August 8, 2008
Georgian tanks and infantry, aided by Israeli military advisers, captured the capital of breakaway South Ossetia, Tskhinvali, early Friday, Aug. 8, bringing the Georgian-Russian conflict over the province to a military climax.
Russian prime minister Vladimir Putin threatened a “military response.”
Former Soviet Georgia called up its military reserves after Russian warplanes bombed its new positions in the renegade province.
In Moscow’s first response to the fall of Tskhinvali, president Dimitry Medvedev ordered the Russian army to prepare for a national emergency after calling the UN Security Council into emergency session early Friday.
Reinforcements were rushed to the Russian “peacekeeping force” present in the region to support the separatists.
Georgian tanks entered the capital after heavy overnight heavy aerial strikes, in which dozens of people were killed.
Lado Gurgenidze, Georgia’s prime minister, said on Friday that Georgia will continue its military operation in South Ossetia until a “durable peace” is reached. “As soon as a durable peace takes hold we need to move forward with dialogue and peaceful negotiations.”

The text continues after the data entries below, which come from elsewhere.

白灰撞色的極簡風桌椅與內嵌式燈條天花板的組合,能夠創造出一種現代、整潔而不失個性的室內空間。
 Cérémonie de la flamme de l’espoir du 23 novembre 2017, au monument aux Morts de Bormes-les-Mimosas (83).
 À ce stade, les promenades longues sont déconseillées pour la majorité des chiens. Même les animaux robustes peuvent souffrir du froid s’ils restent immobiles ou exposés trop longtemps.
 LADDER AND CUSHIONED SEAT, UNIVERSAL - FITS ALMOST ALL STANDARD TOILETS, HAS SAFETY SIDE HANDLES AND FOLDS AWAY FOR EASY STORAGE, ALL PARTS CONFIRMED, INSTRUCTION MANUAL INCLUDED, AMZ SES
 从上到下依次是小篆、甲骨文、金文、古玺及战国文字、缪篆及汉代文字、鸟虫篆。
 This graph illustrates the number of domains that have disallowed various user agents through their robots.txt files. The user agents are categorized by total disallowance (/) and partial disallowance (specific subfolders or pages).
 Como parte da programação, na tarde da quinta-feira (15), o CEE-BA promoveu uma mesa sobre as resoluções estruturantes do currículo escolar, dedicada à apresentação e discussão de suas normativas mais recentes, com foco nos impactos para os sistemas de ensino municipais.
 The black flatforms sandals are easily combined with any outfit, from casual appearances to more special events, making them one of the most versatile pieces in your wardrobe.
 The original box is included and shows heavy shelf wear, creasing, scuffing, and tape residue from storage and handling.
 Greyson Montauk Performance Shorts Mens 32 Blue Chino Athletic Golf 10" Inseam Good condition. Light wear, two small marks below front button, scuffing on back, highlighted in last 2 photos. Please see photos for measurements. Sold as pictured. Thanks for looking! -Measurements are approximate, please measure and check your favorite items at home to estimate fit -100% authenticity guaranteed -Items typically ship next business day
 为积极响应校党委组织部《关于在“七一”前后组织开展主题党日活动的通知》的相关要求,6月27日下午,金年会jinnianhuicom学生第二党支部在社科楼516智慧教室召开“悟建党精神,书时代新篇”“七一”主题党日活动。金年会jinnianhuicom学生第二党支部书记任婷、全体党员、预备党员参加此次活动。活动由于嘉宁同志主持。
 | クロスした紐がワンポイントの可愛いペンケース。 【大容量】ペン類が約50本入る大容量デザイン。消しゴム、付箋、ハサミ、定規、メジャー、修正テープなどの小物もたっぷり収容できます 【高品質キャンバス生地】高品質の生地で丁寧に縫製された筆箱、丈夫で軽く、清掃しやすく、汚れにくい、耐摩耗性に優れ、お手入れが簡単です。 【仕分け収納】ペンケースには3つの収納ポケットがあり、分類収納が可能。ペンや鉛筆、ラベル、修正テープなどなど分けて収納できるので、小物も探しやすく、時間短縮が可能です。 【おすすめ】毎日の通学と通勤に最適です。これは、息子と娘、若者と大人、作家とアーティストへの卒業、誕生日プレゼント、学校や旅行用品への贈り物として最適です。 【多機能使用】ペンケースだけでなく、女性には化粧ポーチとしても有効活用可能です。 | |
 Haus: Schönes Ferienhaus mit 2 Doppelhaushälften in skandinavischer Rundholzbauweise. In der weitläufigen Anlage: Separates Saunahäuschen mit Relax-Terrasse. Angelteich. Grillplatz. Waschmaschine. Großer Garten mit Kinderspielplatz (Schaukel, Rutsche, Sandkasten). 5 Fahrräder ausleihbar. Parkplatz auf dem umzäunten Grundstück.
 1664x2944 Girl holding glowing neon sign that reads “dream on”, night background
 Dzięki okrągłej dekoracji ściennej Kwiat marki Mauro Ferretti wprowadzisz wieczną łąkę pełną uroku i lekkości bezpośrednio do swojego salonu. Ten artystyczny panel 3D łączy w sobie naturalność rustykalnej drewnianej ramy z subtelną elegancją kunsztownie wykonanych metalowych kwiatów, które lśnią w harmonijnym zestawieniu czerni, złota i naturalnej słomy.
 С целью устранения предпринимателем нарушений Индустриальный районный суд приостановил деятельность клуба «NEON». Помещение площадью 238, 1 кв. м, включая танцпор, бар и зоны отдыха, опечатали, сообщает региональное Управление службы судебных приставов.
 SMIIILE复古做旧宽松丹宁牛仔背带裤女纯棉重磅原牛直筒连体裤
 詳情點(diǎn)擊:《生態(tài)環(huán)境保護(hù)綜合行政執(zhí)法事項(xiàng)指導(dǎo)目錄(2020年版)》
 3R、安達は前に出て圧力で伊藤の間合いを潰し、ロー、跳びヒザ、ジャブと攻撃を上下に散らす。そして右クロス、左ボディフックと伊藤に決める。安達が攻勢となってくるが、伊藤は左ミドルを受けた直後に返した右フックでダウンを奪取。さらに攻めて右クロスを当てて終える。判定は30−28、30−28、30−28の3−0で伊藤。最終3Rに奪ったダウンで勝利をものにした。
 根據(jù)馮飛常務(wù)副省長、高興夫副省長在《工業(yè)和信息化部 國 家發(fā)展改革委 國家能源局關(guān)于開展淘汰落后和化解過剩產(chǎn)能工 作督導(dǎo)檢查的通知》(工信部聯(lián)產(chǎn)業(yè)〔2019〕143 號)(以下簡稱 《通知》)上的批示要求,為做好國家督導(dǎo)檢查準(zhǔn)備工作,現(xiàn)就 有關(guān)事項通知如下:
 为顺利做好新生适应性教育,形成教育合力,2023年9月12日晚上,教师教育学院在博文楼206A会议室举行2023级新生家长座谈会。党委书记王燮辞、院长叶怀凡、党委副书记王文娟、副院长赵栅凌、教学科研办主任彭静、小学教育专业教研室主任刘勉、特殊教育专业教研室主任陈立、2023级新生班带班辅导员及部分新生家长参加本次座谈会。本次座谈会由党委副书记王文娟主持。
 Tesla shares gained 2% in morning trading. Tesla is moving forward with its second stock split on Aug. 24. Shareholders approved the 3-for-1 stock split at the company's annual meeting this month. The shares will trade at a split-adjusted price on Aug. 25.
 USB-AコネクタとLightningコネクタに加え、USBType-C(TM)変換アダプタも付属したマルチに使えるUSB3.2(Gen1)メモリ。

DEBKAfile’s geopolitical experts note that on the surface level, the Russians are backing the separatists of S. Ossetia and neighboring Abkhazia as payback for the strengthening of American influence in tiny Georgia and its 4.5 million inhabitants. However, more immediately, the conflict has been sparked by the race for control over the pipelines carrying oil and gas out of the Caspian region.
The Russians may just bear with the pro-US Georgian president Mikhail Saakashvili’s ambition to bring his country into NATO. But they draw a heavy line against his plans and those of Western oil companies, including Israeli firms, to route the oil routes from Azerbaijan and the gas lines from Turkmenistan, which transit Georgia, through Turkey instead of hooking them up to Russian pipelines.
Saakashvili need only back away from this plan for Moscow to ditch the two provinces’ revolt against Tbilisi. As long as he sticks to his guns, South Ossetia and Abkhazia will wage separatist wars.
DEBKAfile discloses Israel’s interest in the conflict from its exclusive military sources:
Jerusalem owns a strong interest in Caspian oil and gas pipelines reach the Turkish terminal port of Ceyhan, rather than the Russian network. Intense negotiations are afoot between Israel Turkey, Georgia, Turkmenistan and Azarbaijan for pipelines to reach Turkey and thence to Israel’s oil terminal at Ashkelon and on to its Red Sea port of Eilat. From there, supertankers can carry the gas and oil to the Far East through the Indian Ocean.
Aware of Moscow’s sensitivity on the oil question, Israel offered Russia a stake in the project but was rejected.
Last year, the Georgian president commissioned from private Israeli security firms several hundred military advisers, estimated at up to 1,000, to train the Georgian armed forces in commando, air, sea, armored and artillery combat tactics. They also offer instruction on military intelligence and security for the central regime. Tbilisi also purchased weapons, intelligence and electronic warfare systems from Israel.
These advisers were undoubtedly deeply involved in the Georgian army’s preparations to conquer the South Ossetian capital Friday.
In recent weeks, Moscow has repeatedly demanded that Jerusalem halt its military assistance to Georgia, finally threatening a crisis in bilateral relations. Israel responded by saying that the only assistance rendered Tbilisi was “defensive.”
This has not gone down well in the Kremlin. Therefore, as the military crisis intensifies in South Ossetia, Moscow may be expected to punish Israel for its intervention.